(Records drawn from a dataset)

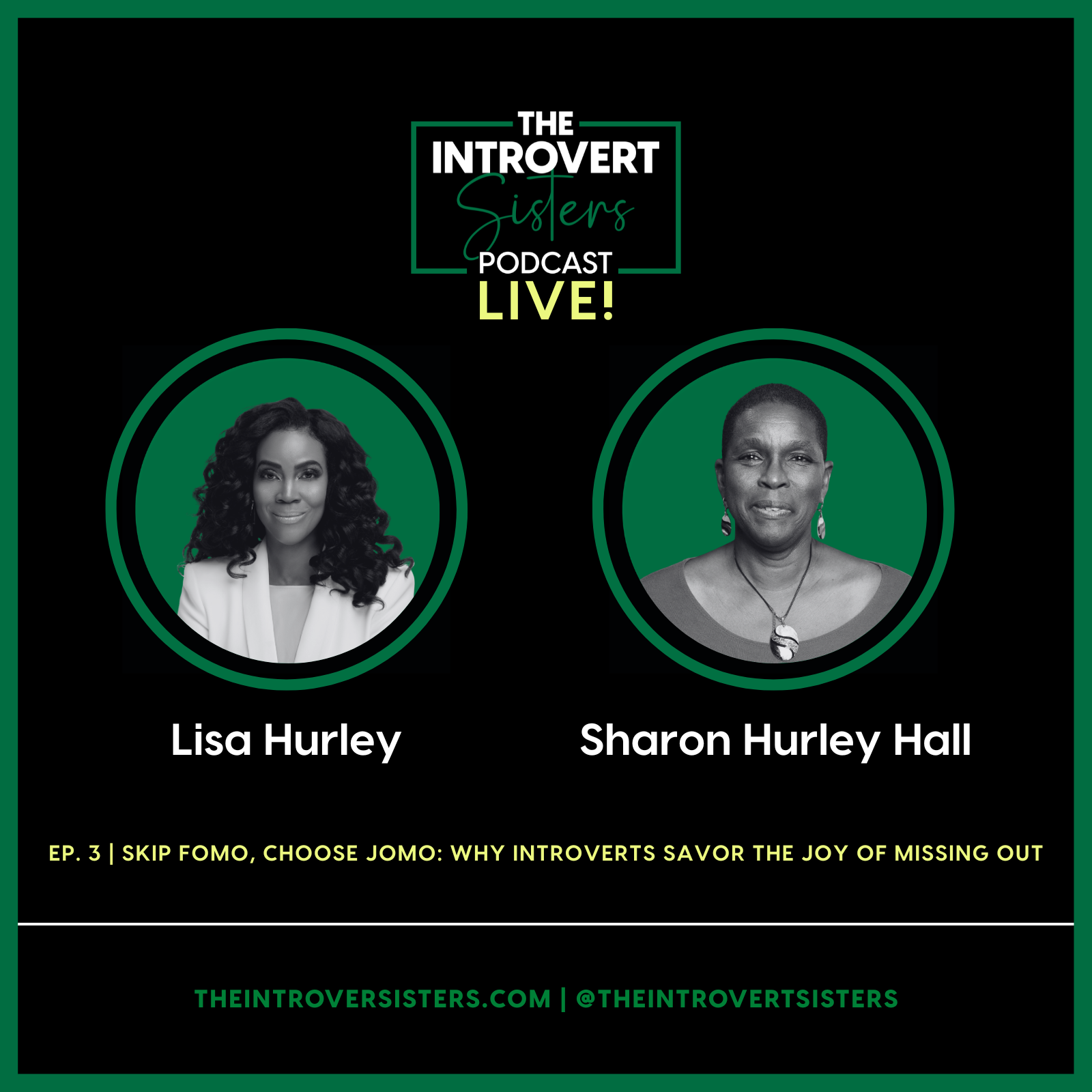 Opting out is the new opting in. In this third episode of The Introvert Sisters LIVE! Podcast, Sharon Hurley Hall and Lisa Hurley celebrate the quiet power of choosing JOMO: the Joy Of Missing Out.
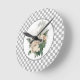 Vintage White Roses Checkerboard Round Clock
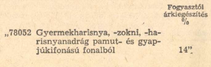 5. A 78031 bevallási kódszámhoz tartozó termékek közül a "Gyermekharisnya, -zokni, -harisnyanadrág pamut- és gyapjúkifonású fonalból" megnevezés törlendő.
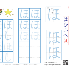 ひらがな練習プリント「は行(はひふへほ)」 スポンサーリンク ひらがな練習プリント X Facebook はてブ LINE Pinterest 2021.05.192021.09.13 「幼児教材・知育プリント」>「ひらがな練習プリント」「ひらがな練習プリント(行ごと・五文字ずつ)あ行〜わ行」 ひらがな(平仮名)「は行(はひふへほ)」の練習ができます。 下の「プリントページ」から無料でダウンロードして、印刷しプリントにできます(PDFファイル)。 プリントページ
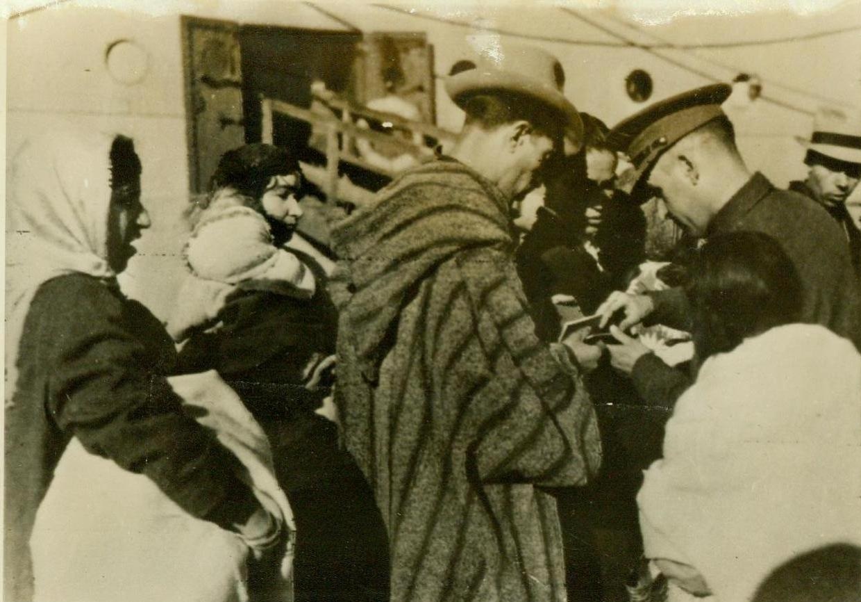 A new change for homeless refugees, 1/10/1944. A NORTH AFRICAN PORT – Some of a large group of refugees, left homeless by the German advance through Europe, check out at a North African port before boarding a ship, which will take them to Palestine. There, they will be given the opportunity to establish themselves as agricultural settlers. CREDIT LINE (ACME) 1-10-44;
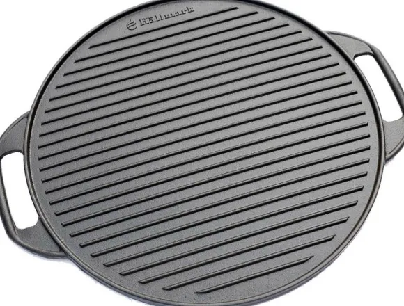 Hällmark Cast Iron Grill Pan on kaksipuolinen grillipannu, jonka toisella puolella on sileä pinta paistamiseen ja toisella puolella uurrettu pinta grillaamiseen. Grillipannu on valmistettu valuraudasta, ja se sopii erinomaisesti Hällmarkin 30 cm tai 40 cm kaasukeittimelle.
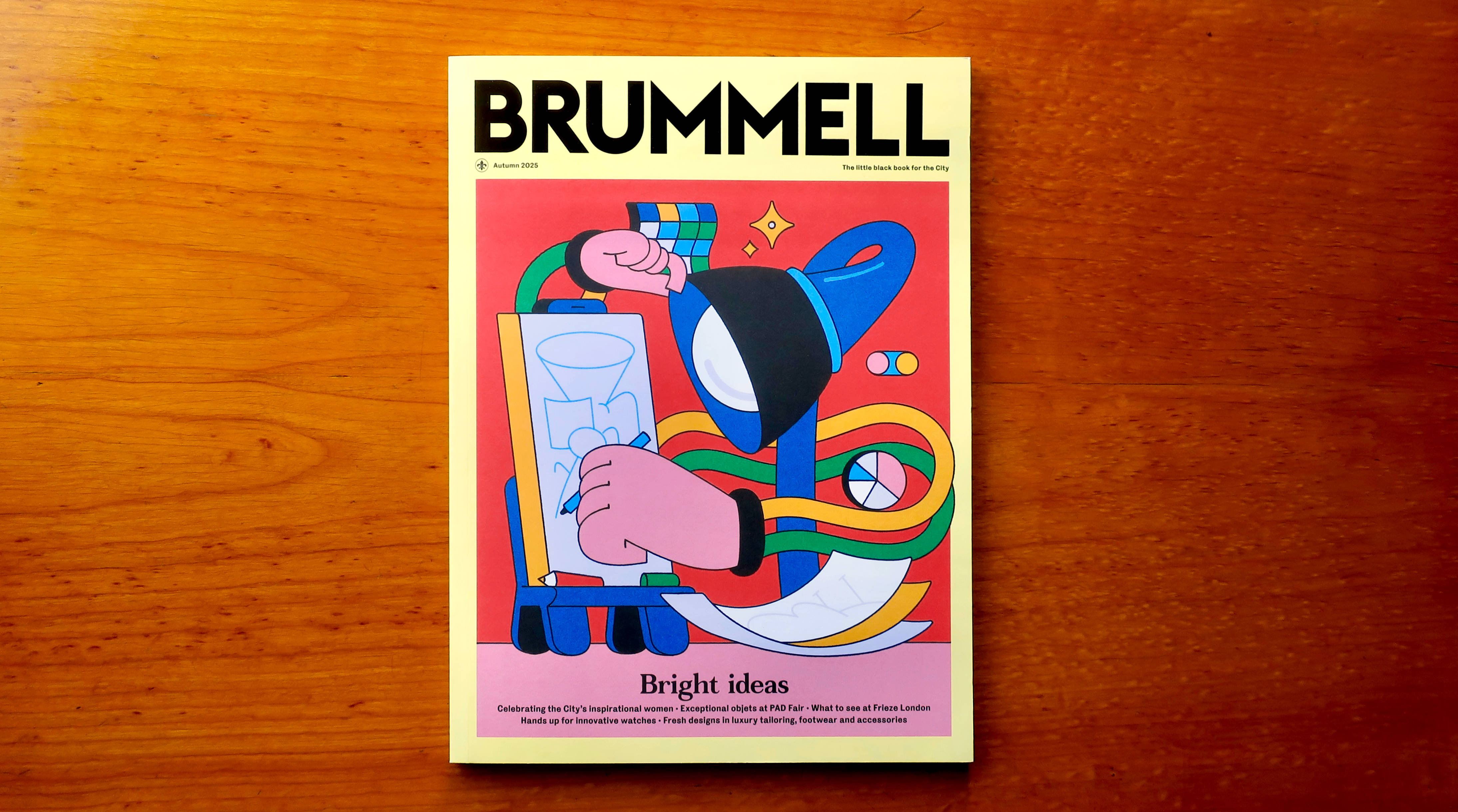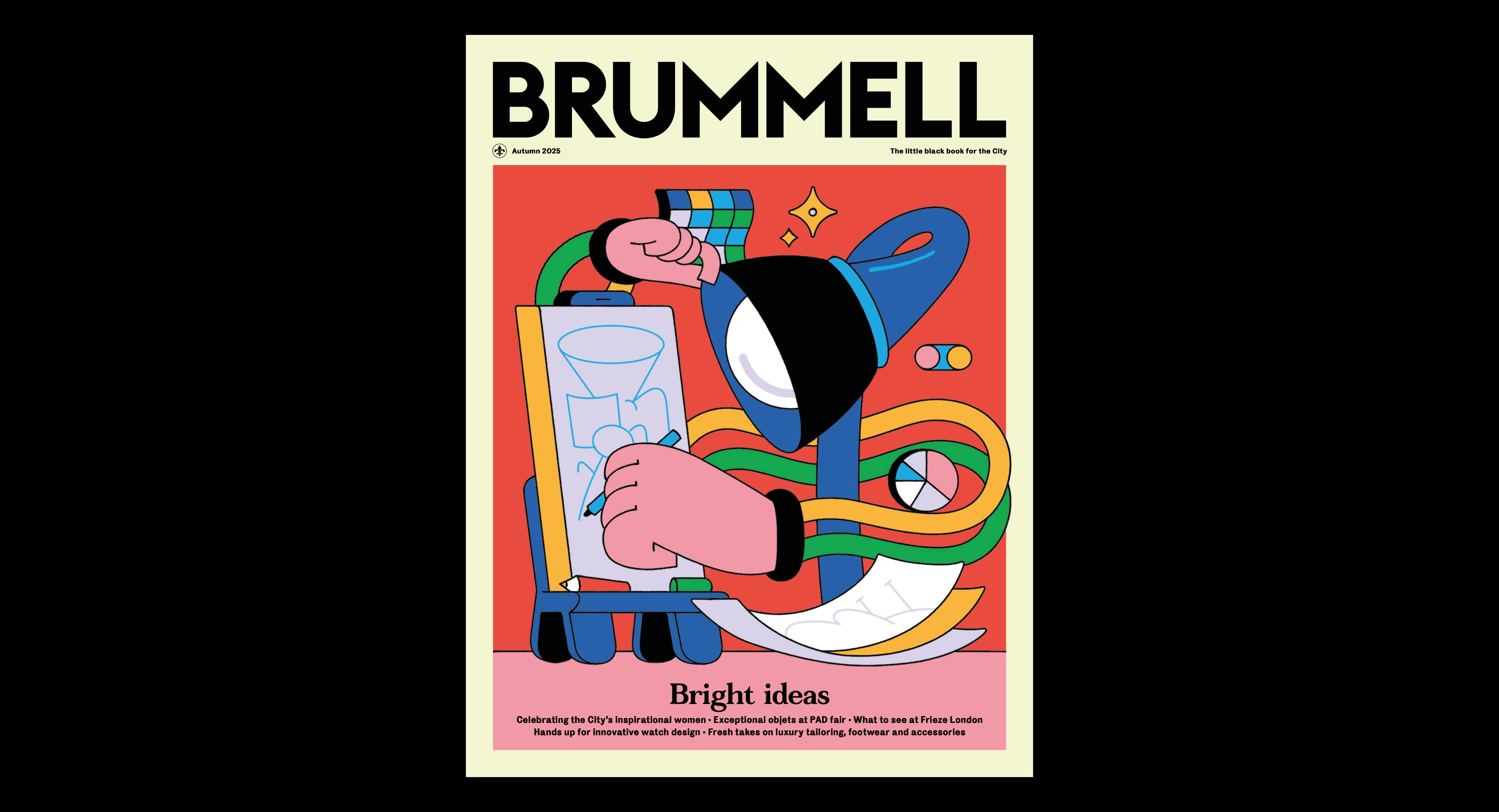 Cover illustration for the Autumn ’25 issue of Brummell Magazine. Brummell is a luxury lifestyle magazine from London. This issue is full of the usual mix of fashion, horology, food & drink and culture with a primary focus on design in the capital.

__Directions for this task__: Each line from the start of the entries above through the line with "5. A 78031 bevallási" should be duplicated exactly, leaving out the pictures.

__Task result__:
 Opting out is the new opting in. In this third episode of The Introvert Sisters LIVE! Podcast, Sharon Hurley Hall and Lisa Hurley celebrate the quiet power of choosing JOMO: the Joy Of Missing Out.
 Vintage White Roses Checkerboard Round Clock
 5. A 78031 bevallási kódszámhoz tartozó termékek közül a "Gyermekharisnya, -zokni, -harisnyanadrág pamut- és gyapjúkifonású fonalból" megnevezés törlendő.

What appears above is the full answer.